Meng Li1, Tianjiao Xu, Zhao Zhang, Xiaochang Xue, Cun Zhang, Xin Qin, Weina Li, Qiang Hao, Wei Zhang, Yingqi Zhang.   

Abstract

We previously prepared a tumor necrosis factor (TNF)-α mutant (rmhTNF-α) that showed higher antitumor activity and lower systemic toxicity compared with native TNF-α. The safety profile and the pharmacokinetic characteristics of rmhTNF-α were suited for clinical use according to biological Investigational New Drug application, a standard guideline for new drug investigation in China.

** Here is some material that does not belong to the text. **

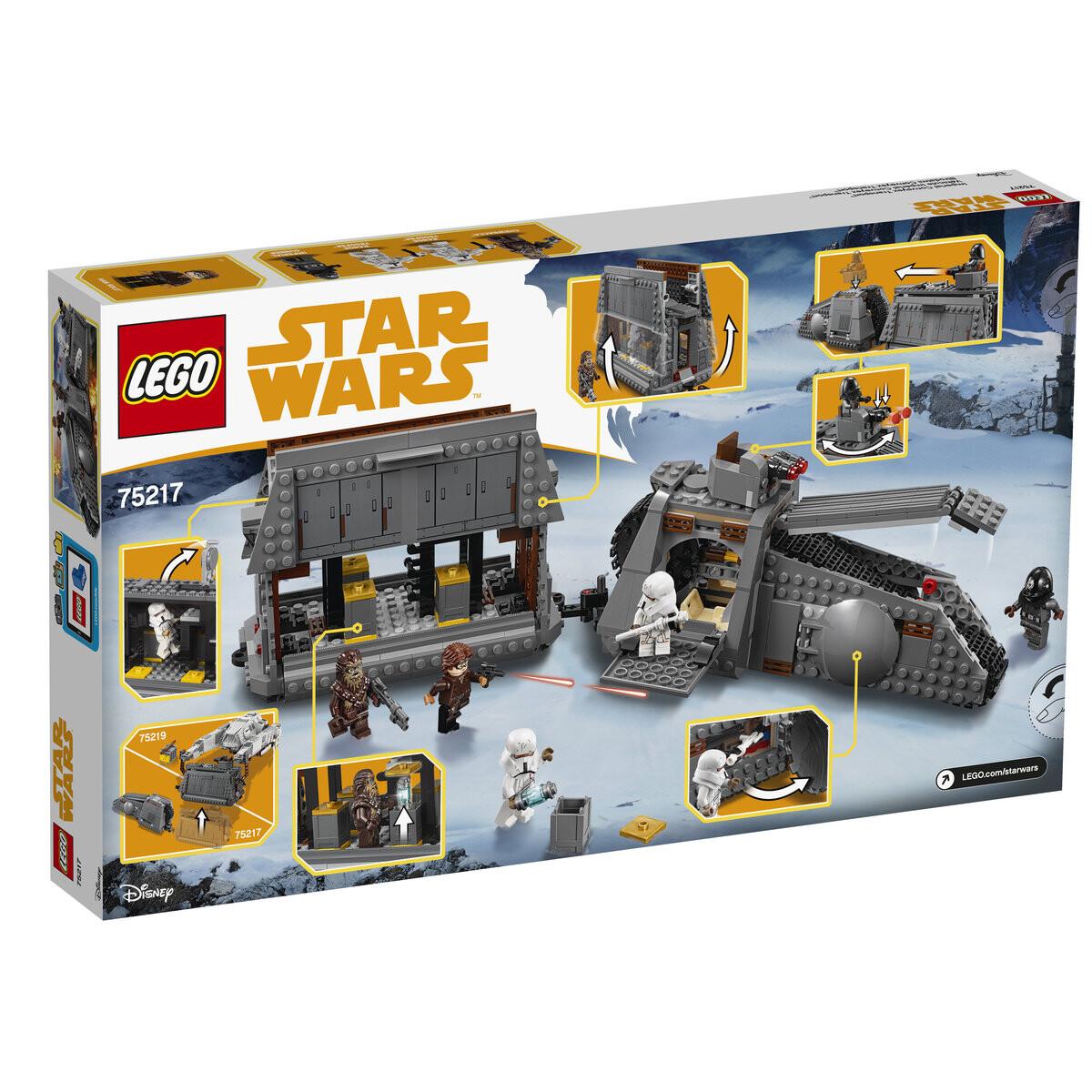 Запрыгивайте на борт мчащегося императорского конвейера LEGO Star Wars (75217) и помогите Хану и Чуи совершить дерзкое ограбление. Заберитесь в товарный вагон, избегая пуль из установленной сверху пушки. Отсоедините стены, чтобы добраться до бесценного коаксиума, но остерегайтесь магнитных стрелков-ботинок — они могут появиться совершенно неожиданно! Гусеничный локомотив LEGO Star Wars не останавливается ни перед кем! Спланируйте сверхбыстрое ограбление поезда с коаксиалом! Соберите ценный груз из поезда с помощью набора Imperial Conveyex LEGO Star Wars. Модель состоит из моторного модуля на гусеницах. съемный грузовой вагон с открывающимися бортами и коаксиумом, а также пять минифигурок. Воссоздайте смелые приключения контрабандистов из фильма «Хан Соло: Звёздные войны. Истории» с набором «Имперский конвейер» LEGO Star Wars (75217). Бронированный локомотив имеет двигательный модуль, окруженный гусеницами, открывающуюся кабину машиниста и место для хранения оружия. грузовой вагон с открывающимися бортами. Имеет подвижную башню с шиповыми стрелками и местом для четырех человек посередине. Включает коаксиальные контейнеры и лестницу, а также открывающийся люк на крыше для эвакуации. В этот удивительный набор входят пять минифигурок LEGO: Хан Соло, Чубакка, имперский стрелок и два артиллериста.

Here, we evaluate the activity and safety of rmhTNF-α combined with chemotherapies in head/neck, lung, colorectal, stomach, and renal cancer patients. Ninety-five eligible patients received i.m. rmhTNF-α treatment combined with standard chemotherapies. Another 95 patients were treated with standard chemotherapies. After two treatment cycles, one patient achieved a complete response and 24 patients had partial response, yielding an overall response rate (complete response + partial response) of 27.47% in the rmhTNF-α plus chemotherapy cohort. The chemotherapy alone group acquired only a 11.39% response rate (P < 0.05). When compared between different cancers, a 48.89% response rate was detected in the 45 lung cancer patients of the combination cohort. The most common grade 1-2 adverse events of rmhTNF-α were drug-related fever, allergy, flu-like symptoms, and myalgia. No significant difference was found in grade 3-4 toxicities between the two cohorts. Based on the results of this research, rmhTNF-α can significantly enhance the effectiveness of chemotherapy. An extended phase III trial of rmhTNF-α combined with standard chemotherapy is warranted for evaluating its antitumor activity and toxicity in a larger cohort of tumor patients. The studies in this paper were registered with the State Food and Drug Administration of China (No. 2003S00692).
© 2012 Japanese Cancer Association.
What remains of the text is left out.